Tailoring two-dimensional materials using intercalation and heterostructure design
- Date: Jul 15, 2024
- Time: 12:30 PM - 03:00 PM (Local Time Germany)
- Speaker: Dr. Samra Husremović
- University of California Berkeley
- Location: MPI CPfS
- Room: Seminar room 5
- Host: Dr. Berit Goodge

Two-dimensional (2D) materials manifesting spin or charge order have the potential to revolutionize the development of energy-efficient electronic devices. However, to fully realize this potential, it is crucial to have control over the magneto-electronic phases present in these materials. This talk will describe how strategic heterostructure design and intercalation of spin-bearing ions can be leveraged to tailor the long-range spin and charge ordering in 2D transition metal dichalcogenides (TMDs). By developing synthetic methods to access intercalated 2D TMDs and their pristine heterostructures, we establish a new platform of crystals hosting customizable magneto-electronic phenomena. We then perform electron transport measurements, optical studies, and transmission electron microscopy to characterize the magnetic, electronic, and structural properties of the synthesized 2D crystals.

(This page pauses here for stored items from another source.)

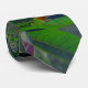 With the look of a retro tropical fabric design, the original photograph by MaeFlowers on this Tie is a closeup of green leaves with their linear detail and graceful curves. Some of the leaves catch the light in ways that add hues of rust and purple. The background of the photo is a blur of soft greens. The photo is repeated along the tie, with black bands in between.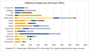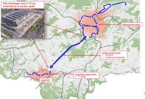 Am Mittwochabend wurde die Frage beantwortet, wie der Grenzverkehr in das Ganze eingebunden werden soll. Bis 2035 soll die Bevölkerung im „Haut Val d’Alzette“ um 80 Prozent auf dann 36.500 Einwohner ansteigen. „Die Idee ist, die Grenzgänger dort abzuholen, wo sie wohnen, und sie dann quasi reibungslos zu den Schienen zu bringen“, so François Bausch („déi gréng“), Minister für Mobilität und öffentliche Bauten. Für den BHNS wird ein Korridor von Audun-le-Tiche zu den Knotenpunkten Esch-Bahnhof, dem neuen Stadtviertel „Quartier Alzette“ (vormals Arbed Esch-Schifflingen) bis hin zum Monkeler geschaffen. Im „Quartier Alzette“ befindet sich dann auch der Anschluss zur Straßenbahnverbindung in die Hauptstadt. Der Korridor verläuft von Audun über die jetzige Zugverbindung in Richtung Esch. Die sei laut Bausch nicht mehr zeitgemäß und außerdem wenig genutzt. Während der Zug dort momentan im 30-Minuten-Takt verkehrt, ist für den BHNS ein 5-Minuten-Rhythmus vorgesehen. Der Bahnübergang in der „Hiehl“ verschwindet, was laut Eschs Bürgermeister Georges Mischo zu einer Aufwertung des Stadtviertels führen werde. Zudem entsteht in unmittelbarer Nähe das neue Viertel „Rout Lëns“.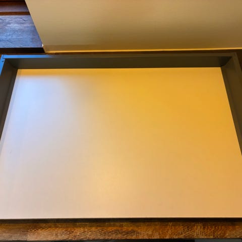 Brabantia varmeskuffe til køkkenudstyr, fremstillet i aluminium. Designet til at holde mad og køkkenredskaber varme. Udstyret med to brændere og et låg med ventilationsåbninger.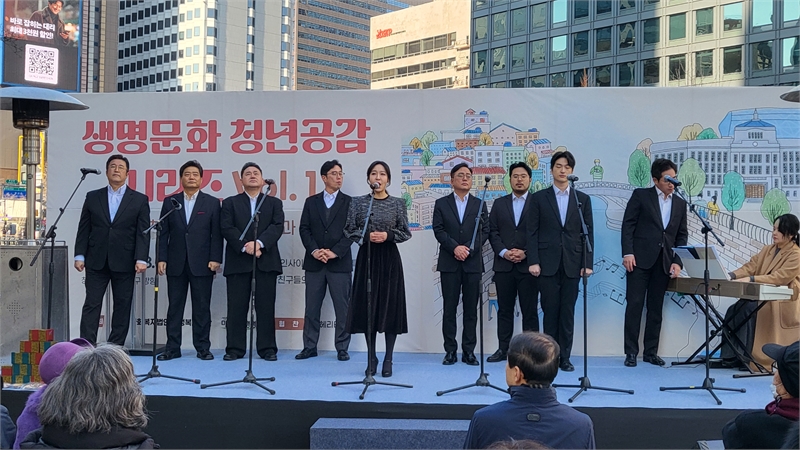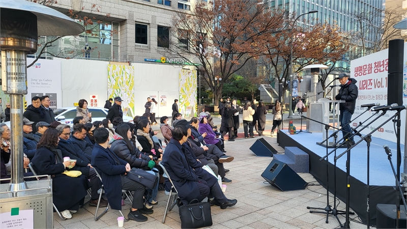 생명문화 시민공감 시리즈 Vol.1.(볼륨 원) - 청계천 광통교에서 만나는 힐링과 생명 행사가 오늘(2025년 12월 18일(목) 11:50) 청계천 광통교에서 있었다.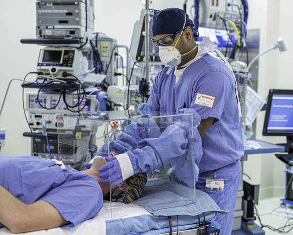 The intubation box, a four-sided fabricated enclosure used during endotracheal intubation, helps shield a caregiver from being exposed to COVID-19 by containing droplets expelled by the patient during the procedure.

1. Husremović, et al. Tailored topotactic chemistry unlocks heterostructures of magnetic
intercalation compounds. arXiv: 2406.15261 (2024).
2. Husremović, et al. Encoding multistate charge order and chirality in endotaxial heterostructures. Nat. Commun. 14, 6031 (2023).
3. Husremović, et al. Hard Ferromagnetism Down to the Thinnest Limit of Iron-Intercalated Tantalum Disulfide. J. Am. Chem. Soc. 144, 12167–12176 (2022).
4. Xie, et al. Structure and Magnetism of Iron- and Chromium-Intercalated Niobium and Tantalum Disulfides. J. Am. Chem. Soc. 144, 9525-9542 (2022).